> _Assignment_
Using the data that follows, output only the lines from the line with "Gold button closure, 5" up to and including the line with "La patine d’autrefois", exactly, leaving pictures aside.

> _Extracted records_
####

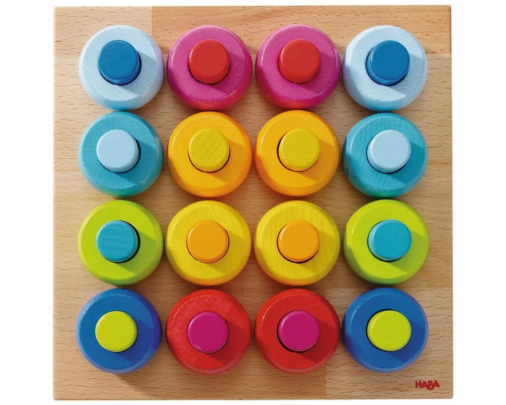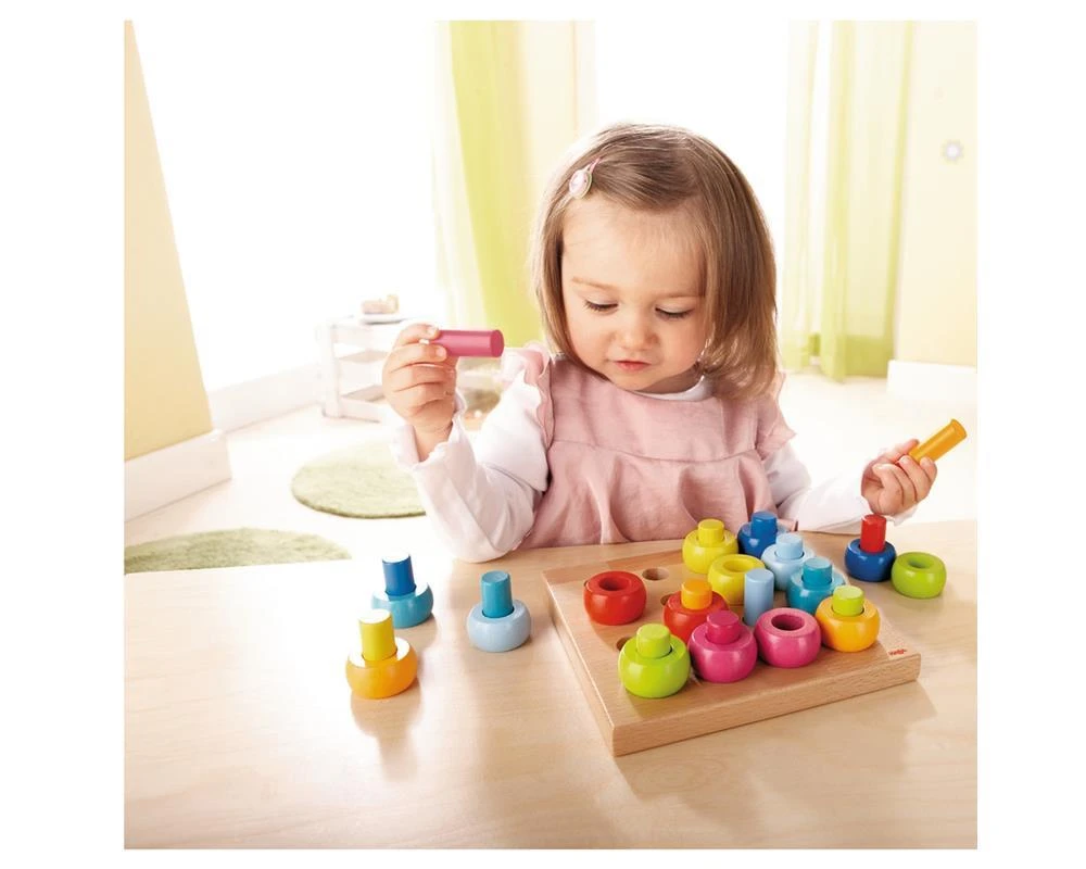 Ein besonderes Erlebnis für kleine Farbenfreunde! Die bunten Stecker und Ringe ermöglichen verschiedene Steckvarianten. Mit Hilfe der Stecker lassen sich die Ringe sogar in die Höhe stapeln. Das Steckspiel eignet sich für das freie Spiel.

####

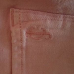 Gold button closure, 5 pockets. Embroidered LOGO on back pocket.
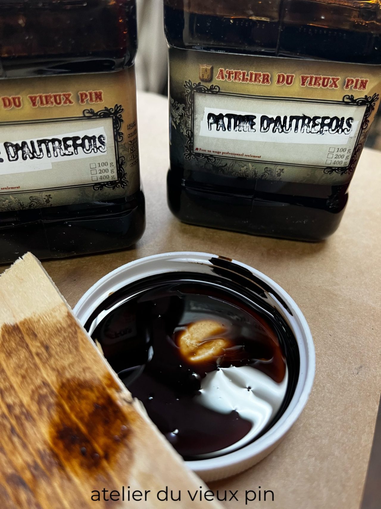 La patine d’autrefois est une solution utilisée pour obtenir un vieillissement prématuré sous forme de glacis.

####

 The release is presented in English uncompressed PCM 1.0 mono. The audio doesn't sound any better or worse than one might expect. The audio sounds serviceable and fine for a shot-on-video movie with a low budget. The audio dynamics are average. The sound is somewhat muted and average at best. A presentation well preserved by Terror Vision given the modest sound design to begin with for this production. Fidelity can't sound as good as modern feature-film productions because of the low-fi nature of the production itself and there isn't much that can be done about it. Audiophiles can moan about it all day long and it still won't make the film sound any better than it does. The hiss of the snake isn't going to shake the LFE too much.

####

> _Task output_
 Gold button closure, 5 pockets. Embroidered LOGO on back pocket.
 La patine d’autrefois est une solution utilisée pour obtenir un vieillissement prématuré sous forme de glacis.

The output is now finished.